Start of Source data
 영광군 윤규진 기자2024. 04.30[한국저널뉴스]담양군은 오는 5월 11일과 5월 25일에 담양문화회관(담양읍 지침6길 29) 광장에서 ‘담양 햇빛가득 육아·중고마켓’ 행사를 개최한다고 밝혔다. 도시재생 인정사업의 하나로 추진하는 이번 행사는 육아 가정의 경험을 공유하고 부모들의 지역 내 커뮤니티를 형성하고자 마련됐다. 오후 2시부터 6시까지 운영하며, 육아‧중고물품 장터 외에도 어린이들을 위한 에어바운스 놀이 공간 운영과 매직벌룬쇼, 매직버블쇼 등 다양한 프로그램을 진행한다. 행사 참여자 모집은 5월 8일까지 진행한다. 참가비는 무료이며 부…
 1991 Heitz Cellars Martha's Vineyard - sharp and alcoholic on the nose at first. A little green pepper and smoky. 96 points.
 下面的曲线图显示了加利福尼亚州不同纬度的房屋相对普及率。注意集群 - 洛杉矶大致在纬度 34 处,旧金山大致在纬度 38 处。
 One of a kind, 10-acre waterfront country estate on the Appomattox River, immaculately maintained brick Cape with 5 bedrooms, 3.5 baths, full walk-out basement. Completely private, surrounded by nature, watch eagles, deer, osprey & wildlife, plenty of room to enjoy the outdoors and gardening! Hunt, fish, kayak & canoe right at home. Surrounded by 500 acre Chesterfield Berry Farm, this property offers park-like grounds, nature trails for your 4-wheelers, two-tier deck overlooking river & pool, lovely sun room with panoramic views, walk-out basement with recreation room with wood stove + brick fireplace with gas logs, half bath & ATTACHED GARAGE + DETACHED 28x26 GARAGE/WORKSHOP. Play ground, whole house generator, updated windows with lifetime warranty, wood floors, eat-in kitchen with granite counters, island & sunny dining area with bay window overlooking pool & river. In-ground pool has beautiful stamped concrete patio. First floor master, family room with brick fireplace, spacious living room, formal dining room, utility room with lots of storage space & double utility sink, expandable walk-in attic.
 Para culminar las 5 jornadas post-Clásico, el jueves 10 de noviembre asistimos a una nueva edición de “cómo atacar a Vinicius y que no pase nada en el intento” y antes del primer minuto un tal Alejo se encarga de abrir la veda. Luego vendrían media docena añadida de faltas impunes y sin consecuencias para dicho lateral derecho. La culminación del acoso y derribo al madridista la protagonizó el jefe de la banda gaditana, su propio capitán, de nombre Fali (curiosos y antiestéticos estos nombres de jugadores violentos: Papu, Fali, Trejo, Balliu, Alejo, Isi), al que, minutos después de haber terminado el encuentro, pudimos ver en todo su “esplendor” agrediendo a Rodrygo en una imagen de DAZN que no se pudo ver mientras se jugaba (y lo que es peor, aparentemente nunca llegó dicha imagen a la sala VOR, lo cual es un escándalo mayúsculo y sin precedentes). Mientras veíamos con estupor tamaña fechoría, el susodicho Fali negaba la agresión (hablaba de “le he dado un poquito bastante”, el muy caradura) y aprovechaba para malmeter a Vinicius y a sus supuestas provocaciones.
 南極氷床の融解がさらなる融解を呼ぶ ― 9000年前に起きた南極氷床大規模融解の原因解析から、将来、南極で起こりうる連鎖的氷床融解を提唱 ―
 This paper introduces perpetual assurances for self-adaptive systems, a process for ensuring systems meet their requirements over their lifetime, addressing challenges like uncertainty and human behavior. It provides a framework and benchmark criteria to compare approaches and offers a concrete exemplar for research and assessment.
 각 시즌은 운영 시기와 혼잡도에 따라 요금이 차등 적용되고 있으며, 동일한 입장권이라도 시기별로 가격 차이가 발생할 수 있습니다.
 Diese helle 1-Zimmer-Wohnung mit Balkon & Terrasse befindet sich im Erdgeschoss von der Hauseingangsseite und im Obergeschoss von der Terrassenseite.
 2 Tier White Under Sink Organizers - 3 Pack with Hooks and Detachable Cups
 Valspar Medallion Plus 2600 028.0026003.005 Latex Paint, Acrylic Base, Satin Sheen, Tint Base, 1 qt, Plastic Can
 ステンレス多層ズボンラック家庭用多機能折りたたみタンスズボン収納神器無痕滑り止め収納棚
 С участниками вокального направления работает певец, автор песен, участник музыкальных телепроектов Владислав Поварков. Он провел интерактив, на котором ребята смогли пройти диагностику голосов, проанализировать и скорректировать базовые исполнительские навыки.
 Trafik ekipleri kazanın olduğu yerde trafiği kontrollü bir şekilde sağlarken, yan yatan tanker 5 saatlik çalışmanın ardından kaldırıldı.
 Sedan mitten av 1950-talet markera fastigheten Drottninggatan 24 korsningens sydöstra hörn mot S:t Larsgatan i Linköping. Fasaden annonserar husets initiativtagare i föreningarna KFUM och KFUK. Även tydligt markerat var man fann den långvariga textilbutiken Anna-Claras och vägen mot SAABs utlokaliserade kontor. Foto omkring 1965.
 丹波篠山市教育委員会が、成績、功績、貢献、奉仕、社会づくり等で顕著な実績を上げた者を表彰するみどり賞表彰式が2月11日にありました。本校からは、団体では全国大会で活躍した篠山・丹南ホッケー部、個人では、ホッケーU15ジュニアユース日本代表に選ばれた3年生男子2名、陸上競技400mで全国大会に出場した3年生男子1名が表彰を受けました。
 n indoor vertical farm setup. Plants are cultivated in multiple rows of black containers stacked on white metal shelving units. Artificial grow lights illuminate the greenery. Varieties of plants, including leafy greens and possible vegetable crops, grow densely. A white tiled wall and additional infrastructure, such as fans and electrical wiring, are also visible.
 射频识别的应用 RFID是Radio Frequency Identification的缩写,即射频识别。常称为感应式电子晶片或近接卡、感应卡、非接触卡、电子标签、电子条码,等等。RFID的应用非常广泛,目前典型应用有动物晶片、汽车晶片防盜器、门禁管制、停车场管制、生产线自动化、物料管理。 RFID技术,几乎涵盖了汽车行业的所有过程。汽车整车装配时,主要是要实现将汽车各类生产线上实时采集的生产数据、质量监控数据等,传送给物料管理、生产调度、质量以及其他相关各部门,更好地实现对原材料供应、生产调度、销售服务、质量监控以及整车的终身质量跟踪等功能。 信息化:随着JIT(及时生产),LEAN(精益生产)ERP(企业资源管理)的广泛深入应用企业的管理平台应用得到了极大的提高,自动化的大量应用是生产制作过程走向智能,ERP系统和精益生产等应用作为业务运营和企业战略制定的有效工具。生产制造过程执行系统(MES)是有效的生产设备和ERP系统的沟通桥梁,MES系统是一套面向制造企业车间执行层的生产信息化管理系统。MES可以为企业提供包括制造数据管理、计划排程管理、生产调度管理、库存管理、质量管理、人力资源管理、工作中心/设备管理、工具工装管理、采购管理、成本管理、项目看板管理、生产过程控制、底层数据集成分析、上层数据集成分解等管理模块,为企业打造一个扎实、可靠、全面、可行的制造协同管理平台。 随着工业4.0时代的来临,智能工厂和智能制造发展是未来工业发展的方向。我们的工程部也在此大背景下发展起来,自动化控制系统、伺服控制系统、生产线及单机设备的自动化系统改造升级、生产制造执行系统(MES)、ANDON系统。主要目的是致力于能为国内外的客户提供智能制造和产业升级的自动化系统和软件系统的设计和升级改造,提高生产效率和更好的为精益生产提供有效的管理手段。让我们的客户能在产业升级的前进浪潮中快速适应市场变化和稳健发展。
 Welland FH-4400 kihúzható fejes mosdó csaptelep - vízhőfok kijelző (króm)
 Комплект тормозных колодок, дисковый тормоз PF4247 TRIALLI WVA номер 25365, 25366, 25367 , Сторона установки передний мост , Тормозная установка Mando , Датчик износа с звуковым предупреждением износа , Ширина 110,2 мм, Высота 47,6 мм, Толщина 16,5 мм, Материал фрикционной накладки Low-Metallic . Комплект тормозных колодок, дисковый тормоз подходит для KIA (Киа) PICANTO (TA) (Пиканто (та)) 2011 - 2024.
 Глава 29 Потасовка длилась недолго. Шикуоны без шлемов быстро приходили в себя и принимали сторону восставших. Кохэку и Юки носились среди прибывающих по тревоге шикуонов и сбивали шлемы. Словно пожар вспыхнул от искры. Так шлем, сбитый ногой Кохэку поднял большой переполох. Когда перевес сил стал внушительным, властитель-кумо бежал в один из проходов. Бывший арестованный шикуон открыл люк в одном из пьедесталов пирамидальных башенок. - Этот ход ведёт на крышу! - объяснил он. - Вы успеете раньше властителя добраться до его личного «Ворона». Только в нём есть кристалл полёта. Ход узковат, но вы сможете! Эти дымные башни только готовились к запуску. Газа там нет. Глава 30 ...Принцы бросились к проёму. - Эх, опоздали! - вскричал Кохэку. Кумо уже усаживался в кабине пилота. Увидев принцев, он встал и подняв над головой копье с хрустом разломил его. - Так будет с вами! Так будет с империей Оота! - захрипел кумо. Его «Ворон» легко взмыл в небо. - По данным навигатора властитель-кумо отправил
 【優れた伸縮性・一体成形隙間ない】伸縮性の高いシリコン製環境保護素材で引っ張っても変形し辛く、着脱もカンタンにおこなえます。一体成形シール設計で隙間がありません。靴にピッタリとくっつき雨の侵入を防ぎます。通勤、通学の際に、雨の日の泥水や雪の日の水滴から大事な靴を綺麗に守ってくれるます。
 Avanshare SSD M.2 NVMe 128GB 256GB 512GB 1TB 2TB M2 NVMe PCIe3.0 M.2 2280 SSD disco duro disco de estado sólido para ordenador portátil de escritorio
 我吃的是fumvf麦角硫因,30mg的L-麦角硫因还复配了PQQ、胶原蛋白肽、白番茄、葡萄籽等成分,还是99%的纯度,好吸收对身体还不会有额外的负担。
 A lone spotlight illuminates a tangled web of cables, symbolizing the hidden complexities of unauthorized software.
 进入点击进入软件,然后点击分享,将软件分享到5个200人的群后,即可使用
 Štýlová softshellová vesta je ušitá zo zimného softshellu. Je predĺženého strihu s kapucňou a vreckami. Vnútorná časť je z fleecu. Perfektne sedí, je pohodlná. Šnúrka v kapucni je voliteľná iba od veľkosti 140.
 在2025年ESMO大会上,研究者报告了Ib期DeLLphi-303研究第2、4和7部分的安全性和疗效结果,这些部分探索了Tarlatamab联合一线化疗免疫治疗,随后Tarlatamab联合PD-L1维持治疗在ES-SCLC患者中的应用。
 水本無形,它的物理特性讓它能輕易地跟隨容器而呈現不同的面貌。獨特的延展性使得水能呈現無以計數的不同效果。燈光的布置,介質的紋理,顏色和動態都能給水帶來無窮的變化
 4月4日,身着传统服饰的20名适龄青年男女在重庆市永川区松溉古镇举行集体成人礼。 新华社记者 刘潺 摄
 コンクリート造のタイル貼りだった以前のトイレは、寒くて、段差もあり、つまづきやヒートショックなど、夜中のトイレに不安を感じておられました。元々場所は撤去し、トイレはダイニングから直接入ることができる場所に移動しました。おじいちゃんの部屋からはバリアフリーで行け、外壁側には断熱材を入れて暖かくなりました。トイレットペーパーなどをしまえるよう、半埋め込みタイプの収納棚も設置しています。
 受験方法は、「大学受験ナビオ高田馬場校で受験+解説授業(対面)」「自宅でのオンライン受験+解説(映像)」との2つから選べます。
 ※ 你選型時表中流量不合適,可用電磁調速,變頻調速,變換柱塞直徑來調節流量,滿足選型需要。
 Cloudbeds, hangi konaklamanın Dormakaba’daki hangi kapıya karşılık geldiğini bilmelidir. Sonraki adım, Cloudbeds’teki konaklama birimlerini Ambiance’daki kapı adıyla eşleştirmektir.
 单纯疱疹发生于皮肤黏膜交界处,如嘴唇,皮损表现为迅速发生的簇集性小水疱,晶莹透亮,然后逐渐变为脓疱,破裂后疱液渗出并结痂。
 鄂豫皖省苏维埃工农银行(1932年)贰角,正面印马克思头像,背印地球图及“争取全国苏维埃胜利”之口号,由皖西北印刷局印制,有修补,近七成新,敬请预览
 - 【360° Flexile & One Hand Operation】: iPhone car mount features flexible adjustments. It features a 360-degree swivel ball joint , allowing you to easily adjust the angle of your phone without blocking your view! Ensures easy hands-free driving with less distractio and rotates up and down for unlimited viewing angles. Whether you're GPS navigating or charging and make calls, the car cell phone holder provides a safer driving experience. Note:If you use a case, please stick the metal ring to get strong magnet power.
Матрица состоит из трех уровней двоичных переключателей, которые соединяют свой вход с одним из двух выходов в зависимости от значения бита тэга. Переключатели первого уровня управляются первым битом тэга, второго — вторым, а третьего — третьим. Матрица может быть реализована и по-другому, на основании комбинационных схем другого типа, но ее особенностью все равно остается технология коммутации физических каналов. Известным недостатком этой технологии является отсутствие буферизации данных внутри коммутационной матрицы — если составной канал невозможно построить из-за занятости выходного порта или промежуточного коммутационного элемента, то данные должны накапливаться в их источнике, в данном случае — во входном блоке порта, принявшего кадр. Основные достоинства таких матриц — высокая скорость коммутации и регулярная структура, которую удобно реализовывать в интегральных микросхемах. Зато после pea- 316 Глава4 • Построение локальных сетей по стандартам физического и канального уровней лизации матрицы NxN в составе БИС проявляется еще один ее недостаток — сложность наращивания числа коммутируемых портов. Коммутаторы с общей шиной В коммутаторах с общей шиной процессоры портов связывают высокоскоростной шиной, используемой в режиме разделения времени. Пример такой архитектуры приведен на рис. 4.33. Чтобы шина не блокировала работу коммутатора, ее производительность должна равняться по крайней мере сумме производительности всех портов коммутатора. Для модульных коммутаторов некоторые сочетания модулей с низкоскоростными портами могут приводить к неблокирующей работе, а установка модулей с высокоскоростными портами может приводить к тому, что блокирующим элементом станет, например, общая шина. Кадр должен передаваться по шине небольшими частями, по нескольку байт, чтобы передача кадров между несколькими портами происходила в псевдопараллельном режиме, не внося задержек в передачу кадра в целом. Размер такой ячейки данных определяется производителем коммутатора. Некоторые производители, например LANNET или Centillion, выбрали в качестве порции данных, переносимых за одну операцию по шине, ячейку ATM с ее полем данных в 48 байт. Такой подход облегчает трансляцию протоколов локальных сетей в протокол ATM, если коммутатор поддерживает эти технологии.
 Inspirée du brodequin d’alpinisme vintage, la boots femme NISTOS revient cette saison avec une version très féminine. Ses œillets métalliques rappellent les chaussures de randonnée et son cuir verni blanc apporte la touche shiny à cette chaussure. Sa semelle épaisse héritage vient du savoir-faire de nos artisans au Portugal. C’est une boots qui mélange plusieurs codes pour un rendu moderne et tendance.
End of Source data
### Work instruction
Working from the data above, extract solely the lines from the one containing "각 시즌은 운영 시기와" through the one containing "ステンレス多層ズボンラック家", exactly as they appear, both included.

### Exercise result
 각 시즌은 운영 시기와 혼잡도에 따라 요금이 차등 적용되고 있으며, 동일한 입장권이라도 시기별로 가격 차이가 발생할 수 있습니다.
 Diese helle 1-Zimmer-Wohnung mit Balkon & Terrasse befindet sich im Erdgeschoss von der Hauseingangsseite und im Obergeschoss von der Terrassenseite.
 2 Tier White Under Sink Organizers - 3 Pack with Hooks and Detachable Cups
 Valspar Medallion Plus 2600 028.0026003.005 Latex Paint, Acrylic Base, Satin Sheen, Tint Base, 1 qt, Plastic Can
 ステンレス多層ズボンラック家庭用多機能折りたたみタンスズボン収納神器無痕滑り止め収納棚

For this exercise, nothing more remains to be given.